Similar systems in the science world and a couple of questions

259 views

Skip to first unread message

Brian Van Klaveren

unread,

Feb 22, 2017, 9:14:22 PM2/22/17

to Upspin

Hi Upspin,

I've been working on a similar system (github.com/slaclab/datacat), which provides a global namespace for distributed files and replicas. It's functionality and intent actually overlaps a bit with both upspin and and Goods, though it doesn't really handle the data access mechanisms directly. Something like datacat plus Globus/GridFTP (and a bit of glue) might be a closer to Upspin.

There's other similar systems that exist out there for science, most notable is probably IRODS. ATLAS at CERN also has Rucio.

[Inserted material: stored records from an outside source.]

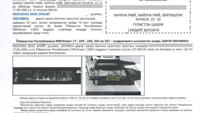 После того, как решение было получено ответственным сотрудником УБДД УВД Сырдарьинской области для исполнения, решение о наложении штрафа было наложено на владельца специального эвакуатора марки "Мерседес-Бенц Спринт" и отправлено почтой по адресу проживания владельца, сообщает информационная служба ГУБДД МВД Республики Узбекистан.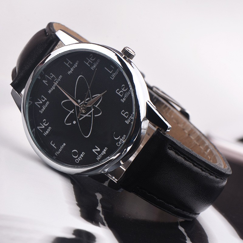 Đồng Hồ Đeo Tay Mặt Tròn Dây Giả Da In Biểu Tượng Hóa Học Dành Cho Nam Nữ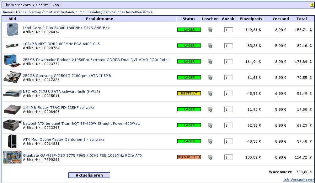 ich habe vor, mir nächste woche einen pc in komponenten zu bestellen und bisher war der shop meines vertrauens immer mindfactory.de (mf). doch dieser hat aus mir immer noch unerfindlichen gründen die preise letzte woche drastisch angezogen.

DIRAC, a grid computing framework, has one built-in. So does Pegasus WMS. Most of these are all solving similar problems - file replica management and file sharing, and to a lesser extent, data discovery. The confluence between distributed file/replica management and good metadata/provenance support (especially for data discovery) is increasingly important for medium to large science projects, and I think the same is starting to become true for any organization which houses data multiple datacenters and file systems. I realize that's not really the problem you are attempting to solve, but I think there's a lot of common ground.

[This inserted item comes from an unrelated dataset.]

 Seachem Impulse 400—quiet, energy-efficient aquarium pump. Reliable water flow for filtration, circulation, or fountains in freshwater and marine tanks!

A couple of questions about Upspin:

* Was AFS was an influence for this project?

* Are permissions checks effectively cached? If so, are they eventually consistent, or do you rely on watches for cache invalidation or something?

Thanks, and I'm very interested in watching how upspin evolves. It's great to see something new!

Brian Van Klaveren

P.S. Hi Rob, I work in Data Management on LSST.

A few additional notes in how datacat is potentially similar/different to upspin:

* ACLs on containers (e.g. folders) only. This is effectively protecting the metadata only, but it could be used by actual data servers.

* We use a similar set of permissions, derived from AFS: read, insert, delete, write, admin (admin allows a user to modify ACLs). Those are only for the metadata operations and have no bearing on underlying data.

* ACLs are valid until overridden

* Groups are possible (we rely on authentication systems to provide a list of groups for a given user). Users are always in a special "public" group, authenticated users are always in a "protected" group. A special group is added based on the IP of the originating request.

* Typed metadata, supporting floats, integers, strings, and timestamps.

* A VFS layer does permissions enforcement with a DirCache (permissions are valid for ~30 seconds). That calls into a data store API. The two together seem similar to DirServer. The data store API is currently implemented with a relational database underneath, but really that could be anything.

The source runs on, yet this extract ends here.